No es que esté mal escrito el título. Es una de las posibles conclusiones de la parábola del trigo y la cizaña. Y digo «posible» porque hay un abanico grande de finales, casi tanto como lectores u oyentes. Algunos lo leen en clave de juicio y se ponen en el lado de los buenos, como si el mal de la cizaña habitase sólo en el exterior: de uno mismo, de su familia, de sus comunidades… Son acusadores y verdugos
Otros lo leen en esa misma clave judiciaria pero con la pena (tristeza y castigo) de un mal que no quieren hacer y sin embargo hacen. Reos tristes e inmisericordes con ellos mismos y con Dios, con ese Dios que no puede ser extremadamente generoso.
Otros que no ven el trigo, que no lo saben ver o se empeñan en no verlo. Otros que creen que son sólo ellos los que plantan y cultivan la espiga, virtudes de ansiosos Prometeos que desesperan cuando la cizaña crece e invade.

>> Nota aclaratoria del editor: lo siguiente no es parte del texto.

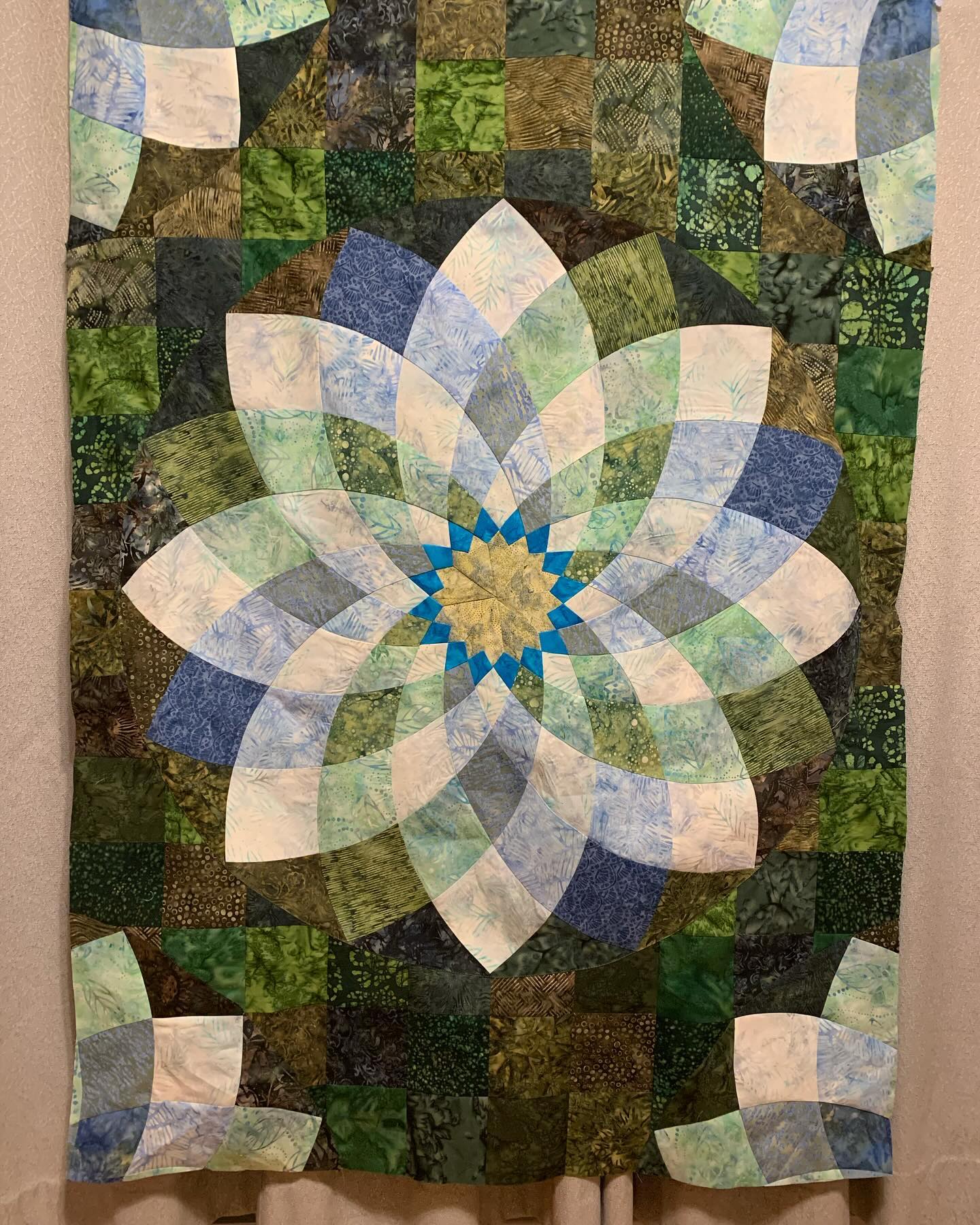 Time to think about borders⦠up until now this is all batiks ⦠I have a lovely non batik that I am considering for a border, but is that breaking a cardinal rule, hmmm, may just do it anyway⦠the quilt wants what the quilt wants⦠lol #quilt #batikquilt #dahliaquilt

Otros, pocos quizás, que saben que ni el tiempo, ni el grano, ni la tierra son suyos. Y es más, que intuyen que bien y mal son palabras demasiado grandes para nosotros y que se dejan hacer y que saben esperar con esa «paziencia», que es regalo y pérdida colmada un dejarse olvidadizo y generoso. De un depender de Otro y de otros en ese arrancar una cizaña que está imbrincada en un trigo que da cien, sesenta o treinta por uno, a pesar de los enemigos, de nosotros mismos. Paziencia que no es conformismo o dejadez sino fiarse. Tan imposible, tan de Dios.